A few years ago, a good friend suggested I try reading a book by Anne Perry. She knew I enjoyed Victorian mysteries. She also told me that when Perry was a teenager, she had been convicted as an accessory to a matricide by her good friend, served time, and now wrote mysteries. I thought it curious that someone who had committed such a serious crime now wrote so well about crime, but I read my first Thomas and Charlotte Pitt book and was hooked. After I retired, I went back and read all of them in order. I’ve also read some of her William Monk books, but I find the Pitts very compelling. I had forgotten about Perry’s criminal past until I read this past week’s column by Rebecca Balint in the Brattleboro Reformer. [link to be added when column is posted online,]
Becca is my neighbor and newly elected State Senator whose weekly column my husband and I always find interesting. She had not known until recently that Anne Perry had committed murder. Her column explores how she feels about Perry after finding out.
…Details of their delusions can be found in Parker’s [Perry’s friend] adolescent journal. But the question persists for me: Do I believe in rehabilitation and redemption? If I do, as I have always claimed, then why do I view Anne Perry differently now that I know of her troubled past? I’ve read her Victorian mysteries for years and always enjoyed them as inconsequential breathers from the dense non-fiction I read. I’ve joked about some of her writing tropes but still find her characters compelling. Yet, I feel undeniably uneasy about a convicted murderer as an author.
I read this and wondered why I had reacted so differently. I went back and located the interview I had read years earlier in the Guardian.
In 1954, Hulme felt as if she had been pushed to the limit. Three days before she took part in the killing of Honora Parker on June 22, her parents announced that they were to divorce – triggered by Hulme having found her mother, Hilda, in bed with a lover. At the same time, her father lost his job and she was to be sent to South Africa to stay with an aunt. The shock to Hulme – who had not been at school because of tuberculosis, from which she had suffered since the age of 13 – was cataclysmic.
She turned to her close friend, Parker, a working-class girl from a humble background. Some felt it was a curious friendship for Hulme, whose family were well to do, her mother glamorous and clever. The two friends believed they could stay together if Pauline’s mother would let her leave New Zealand. Her refusal triggered Parker’s murderous rage and Hulme believed she owed it to her friend to help lure Mrs Parker to a Christchurch park and cosh her with a brick in a stocking.
“I felt I had a debt to repay,” says Perry. “Pauline was the only one who had written to me when I was in hospital, and she threatened to kill herself if I didn’t help.
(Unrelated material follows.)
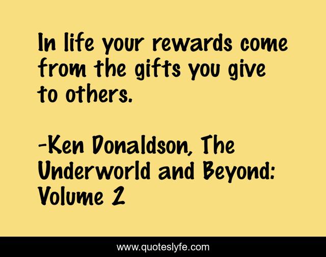 This page presents the quote "In life your rewards come from the gifts you give to others.". Author of this quote is Ken Donaldson, The Underworld and Beyond: Volume 2. This quote is about children-s-books, storytelling, fiction,.

She was vomiting after every meal and losing weight all the time. I am sure now she was bulimic. I really believed she would take her life and I couldn’t face it.”
Hulme served five years at Mt Eden women’s prison in Auckland – “supposedly the toughest in the southern hemisphere,” she says with what sounds like pride.
…
Yet Perry now calls her time in prison “the best thing that could have happened”. “It was there that I went down on my knees and repented,” she says. “That is how I survived my time while others cracked up. I seemed to be the only one saying, I am guilty and I am where I should be.”
In an interview with Ian Rankin, Perry explains further.
AP: That is a very spiritual question, to which I can only give you my own estimate of the answer. The redemption comes when you no longer wish to be that kind of person. When you understand that… when you see it as ugly, and you understand why it is not what you want to be. Not what you should be, not what you want to be. And that’s the difference. Not because somebody outside is telling you: this is not what you do. But because you, yourself, say: this is not who I want to be.
IR: How do you feel about the fact that society requires people to be locked up, especially at such a young age, that we require what seems to be not redemption so much as a kind of vengeance.
AP: I suppose society does require a certain level of vengeance. It needs to be not only done but seen to be done because it is supposed to be enough to prevent other people wanting to do the same. I think it would have been the worst thing that could ever have happened to me in my life if somehow they had said: “Well, look. You know, you were under medical treatment. These are mind altering drugs. I am sure you are not really wicked. You go ahead and forget about it.” I think that would have been totally destructive to me.
IR: How important was the punishment to you?
AP: I feel it is vital. I think until you feel that you have settled the debt, you cannot move on. It is a bit like trying to walk with an open parachute open behind you. By paying, you cut the strings and then you can move on. You can allow yourself to move on. I can say it and look you in the eye, because I can say: Yes, I have dealt with it. I believe that I have paid. I believe that I have been forgiven where it matters. And it now for me no longer exists. I can move on and be the best person I am capable of being. But I think that is true of everybody. As long as you don’t say: “somehow it wasn’t really me, it was that person and somehow it didn’t matter and I don’t need to pay.”
I think this explains why she writes novels about crime and punishment. I can read Perry’s books without thinking of her past because it is her past that allows her to write.